Kto by pomyślał, że kiedyś, dawno temu,
przekroczyła tę barierę i znalazła się jeszcze bliżej mnie. W tej chwili na jej
twarzy malował się strach, smutek i niedowierzanie. Wciąż nie docierało do
niej, że tu jestem.
-
Właśnie tak. Siedziałem przy tym samym stoliku, co teraz. Widziałaś mnie -
wstałem, zdając sobie sprawę, że nadal przewyższam ją o głowę. Patrzyłem jak
walczy z tym, co przed chwilą usłyszała. Zdawała się być zaskoczona, ale i tak
wiedziałem, że analizuje wszystko, co zobaczyła tamtego wieczoru. Musiała
dotrzeć do momentu, w którym występowały moje zmieniające kolor tęczówki, bo uniosła
wzrok i spojrzała mi w oczy. Trafiła w sedno. Tego nie mogła podważyć, będąc
tak mądrą czarownicą.
-
Kiedy zamierzałeś mi powiedzieć? -
wykrztusiła, łapiąc się blatu stołu. Tak jak myślałem, nie spierała się ze mną.

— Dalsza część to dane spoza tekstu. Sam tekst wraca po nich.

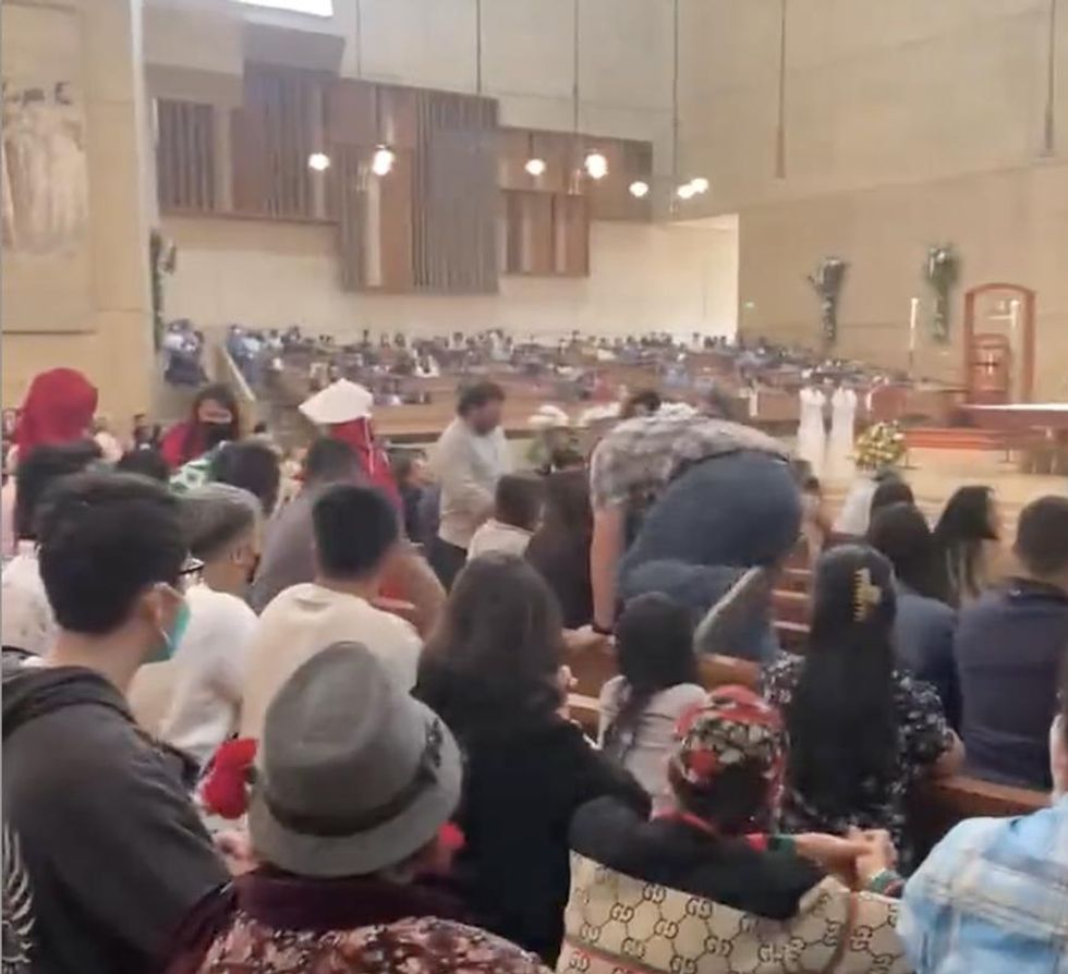 CNA said cathedral staff and parishioners intervened. Cellphone video posted on Twitter captured the moment one man dressed in jeans and a blue and white checkered shirt climbed over a pew to confront the demonstrators in an aisle:
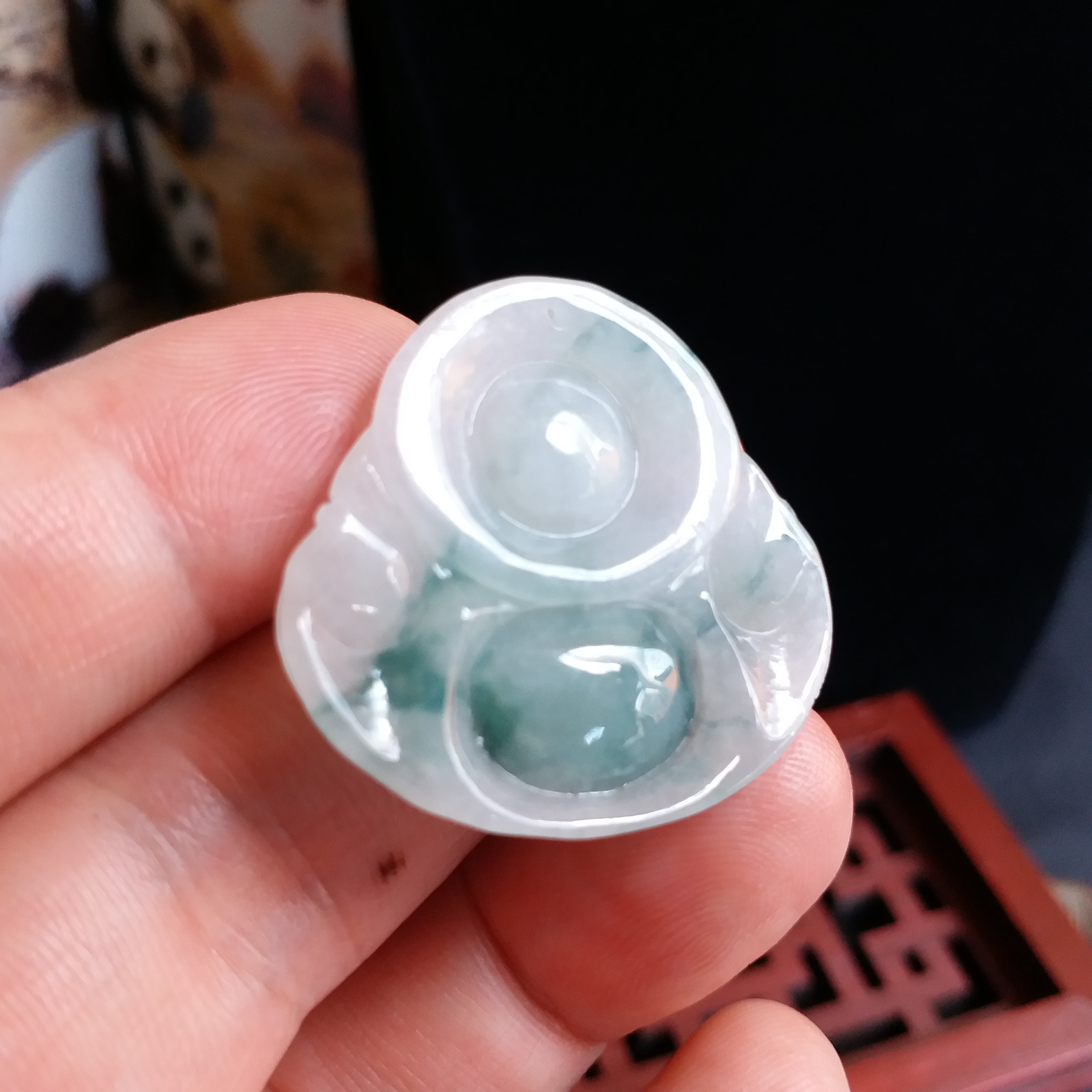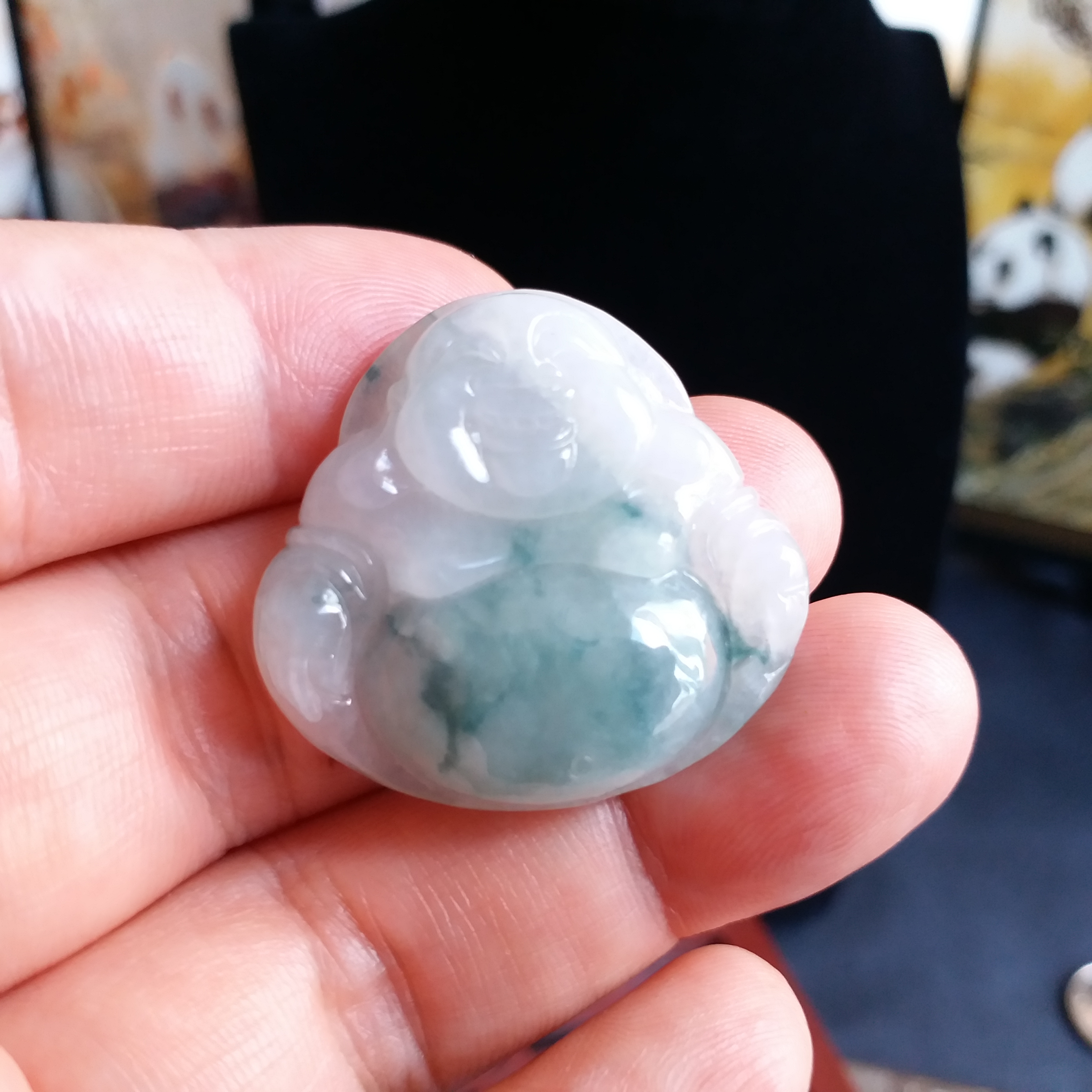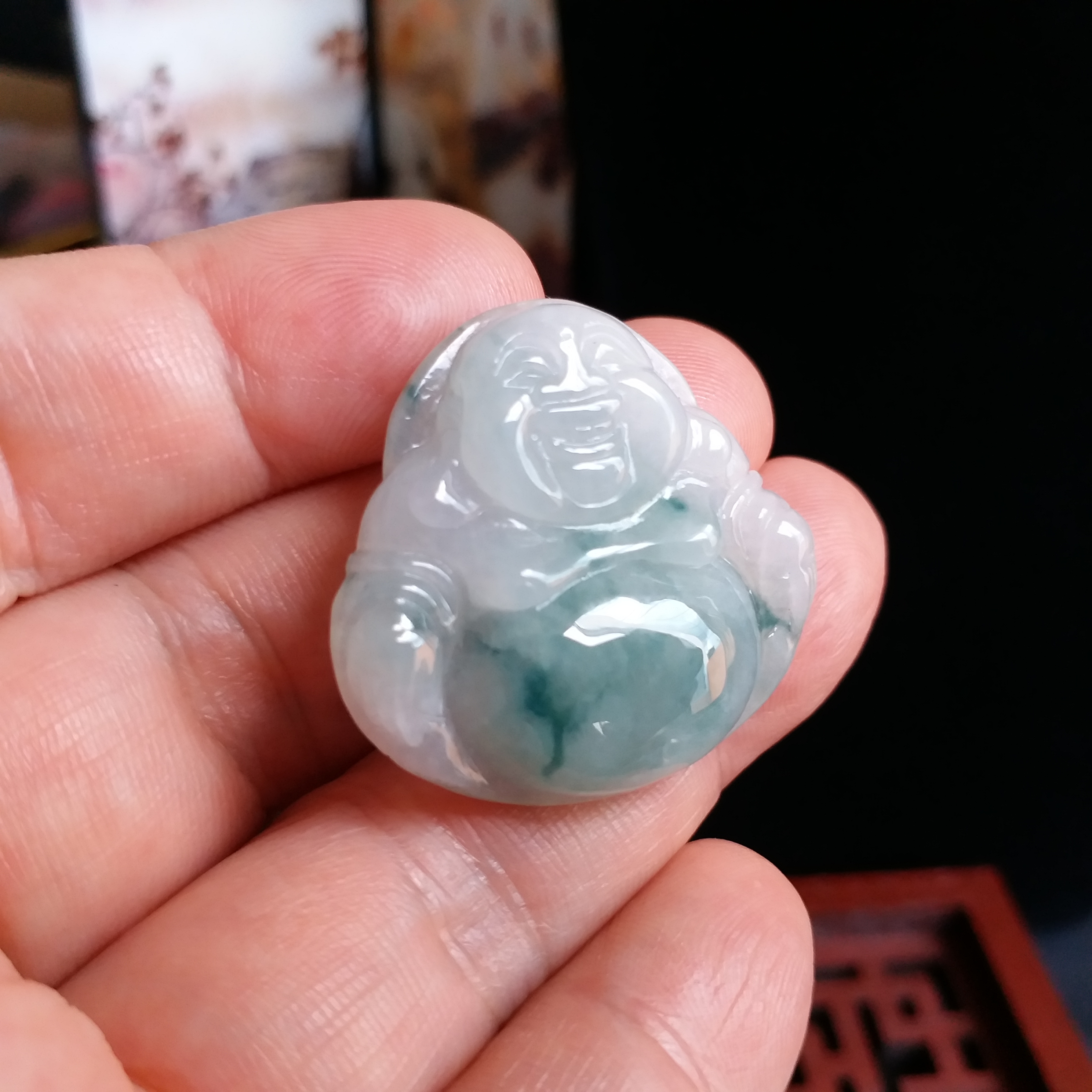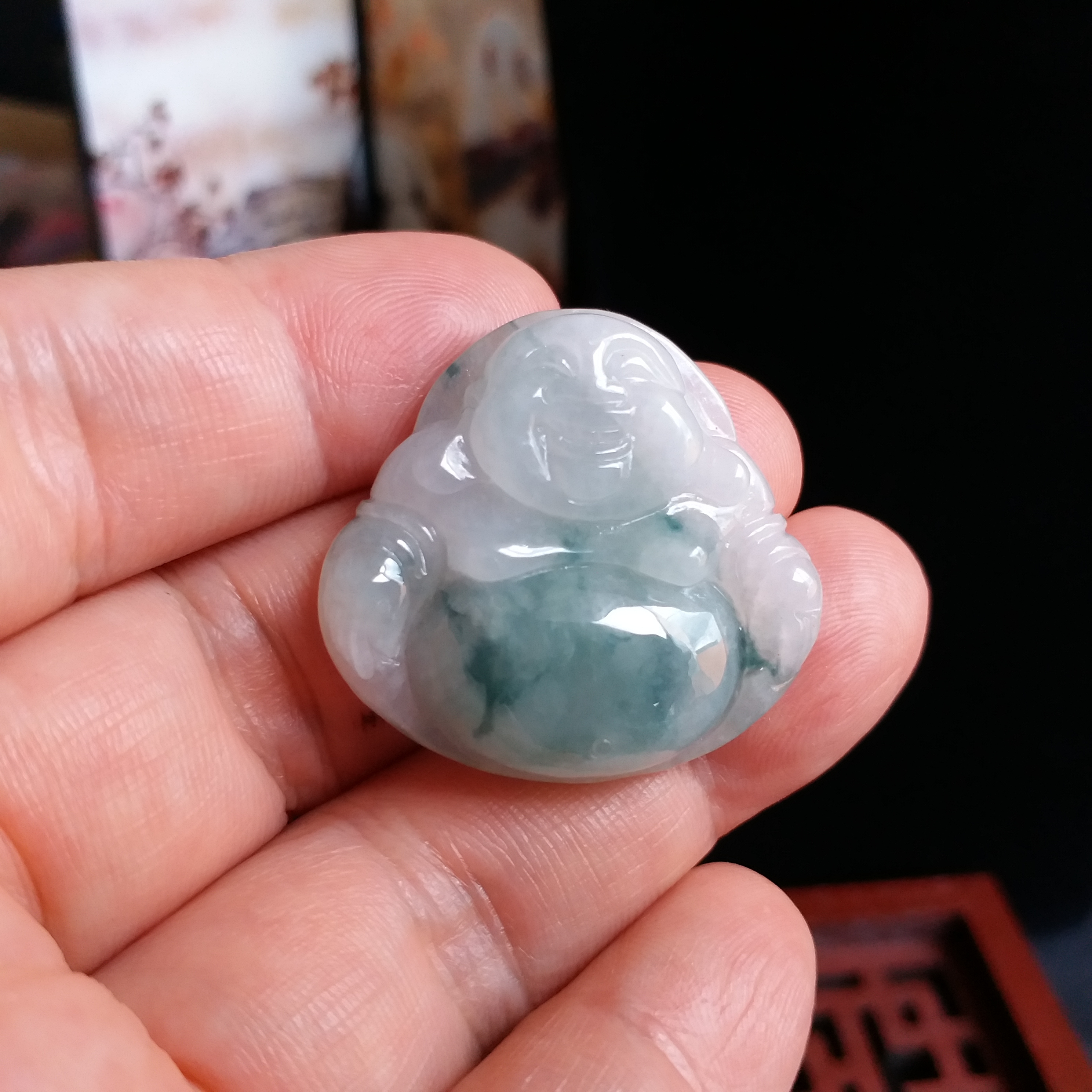 • 冰飄花笑佛吊墜, 天然翡翠A玉, 緬甸玉, Jade, Jadeite
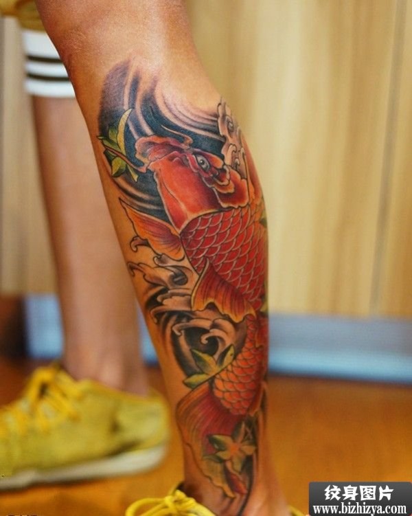 小腿传统鲤鱼纹身图案图片_鲤鱼纹身图案大全_纹身图吧
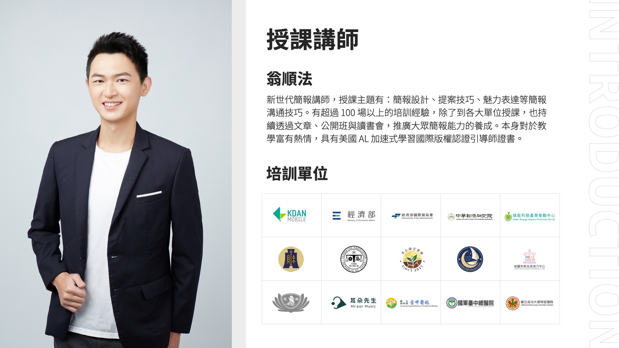 新世代簡報講師,授課主題有:簡報設計、提案技巧、魅力表達等簡報溝通技巧。有超過 100 場以上的培訓經驗,除了到各大單位授課,也持續透過文章、公開班與讀書會,推廣大眾簡報能力的養成。本身對於教學富有熱情,具有美國 AL 加速式學習國際版權認證引導師證書。
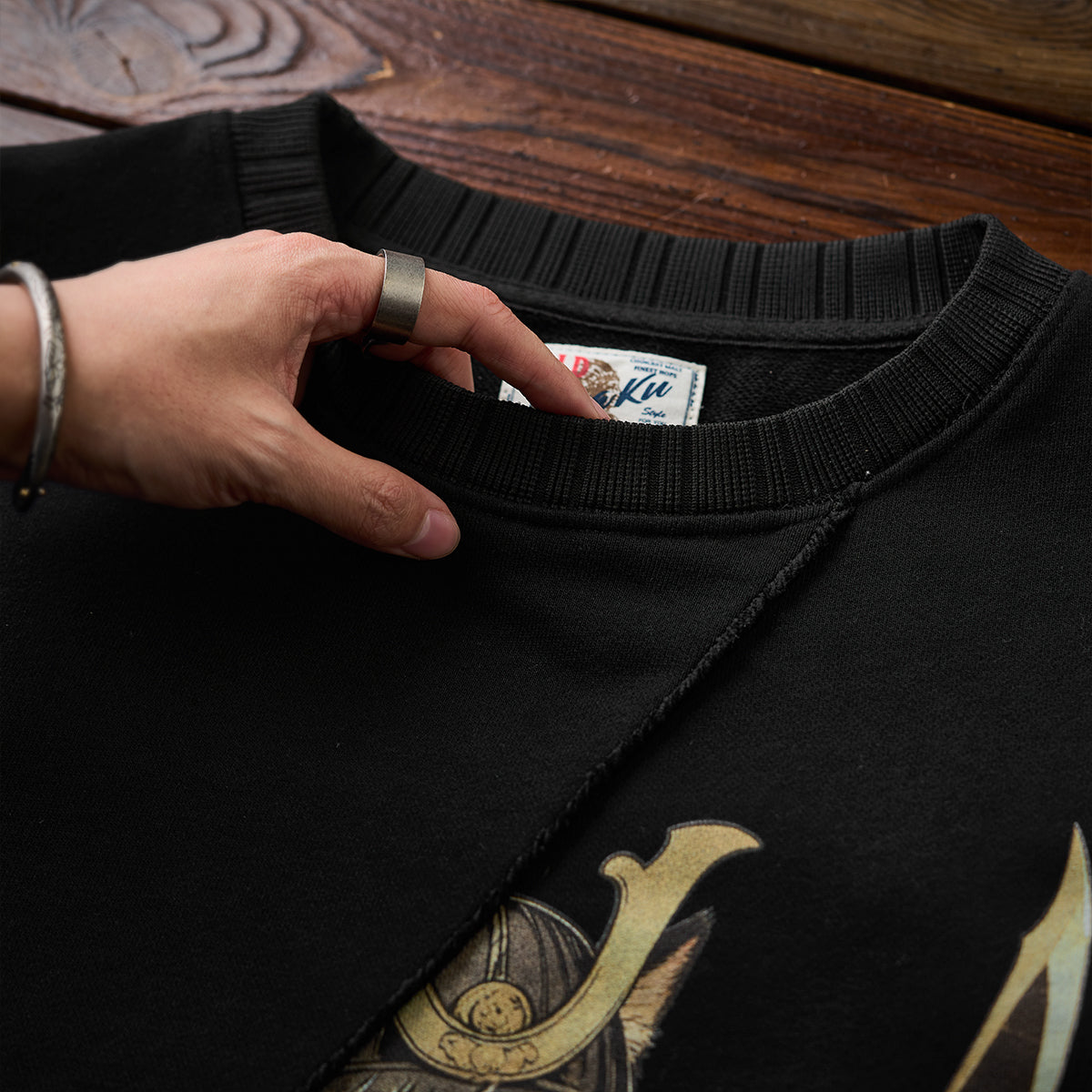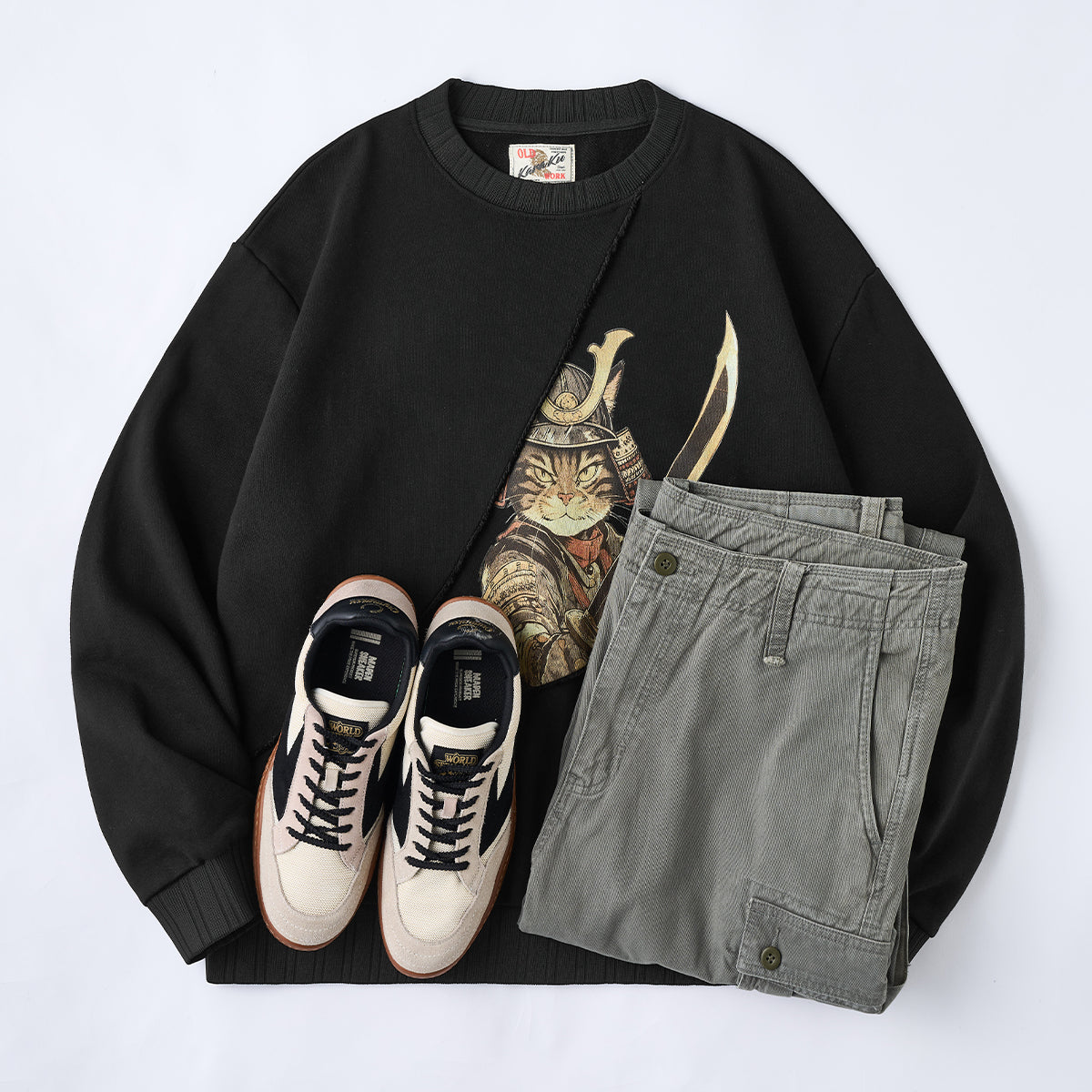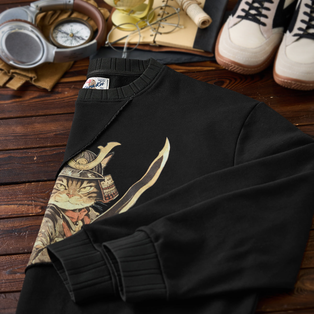 【사전예약】「검을 휘두르는 무사 고양이」프린트 프린지 풀오버 스웨트셔츠
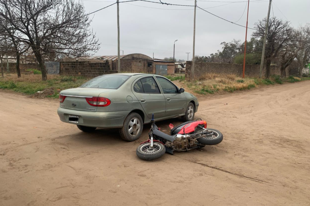 El accidente se registró en horas de la tarde de ayer, en calles de ésta localidad, donde colisionaron una motocicleta y un automóvil. Según precisaron fuentes policiales, el rodado menor era conducido por jóvenes menores de edad, en tanto que en el vehículo, un Renault Megane, circulaba un adulto que lo hacía en contramano.
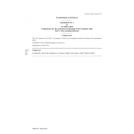 AS 1905.1:2015 Amd 1:2016 [ Current ] Components for the protection of openings in fire-resistant walls - Part 1: Fire-resistant doorsets
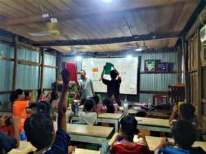 紙を折って絵を描く、変わり絵を皆んなで作りました。教材は現地に用意されていて、それを一緒に行いました。

Dobrze wiedziała, że mówię prawdę.
-
Nie wiem. Liczyłem na to, że powie się samo albo w ogóle - odparłem, ze
zdenerwowania wyciskając wodę ze swojej bluzy. Co miałem jej powiedzieć? Że
tego nie planowałem? Że to czysty przypadek, że dziś na nią wpadłem? Może
powinienem przyznać, że tak naprawdę chciałem ją odnaleźć?
-
To żałosne. Lepiej zejdź mi z oczu - schowała twarz w dłoniach i cicho
westchnęła. Tymczasem ja odruchowo zamknąłem oczy i zacisnąłem pięści. Skupienie
przyszło o wiele łatwiej niż myślałem. Mrok, który ujrzałem kilka sekund później,
natychmiast przywołał mnie na ziemię.
-
Nie chcesz tego - szepnąłem bardziej do siebie, niż do niej. Dopiero po chwili
zdałem sobie sprawę z tego, że powiedziałem to na głos. Idiota - nazwałem się w
myślach.
-
Niby skąd to wnioskujesz? - spytała, krzywiąc się. Zawsze tak wyglądała, gdy
coś ją irytowało lub gdy ktoś po prostu miał rację.
-
Wysyłasz sprzeczne sygnały - powiedziałem, zerkając na nią kątem oka.
-
Czytasz mi w myślach? - warknęła w odpowiedzi. Rumieniec wściekłości pojawił
się na jej twarzy.
-
Może...
-
Mam cię stąd wyrzucić? - wyciągnęła różdżkę i stanęła tuż przede mną. Dłoń
drżała jej niesamowicie.
-
Chętnie bym to zobaczył - mruknąłem pod nosem. Ta zbytnia pewność siebie zawsze
mnie u niej denerwowała.
-
Mimo lat nadal jesteś bezczelny - powiedziała, patrząc mi odważnie w oczy.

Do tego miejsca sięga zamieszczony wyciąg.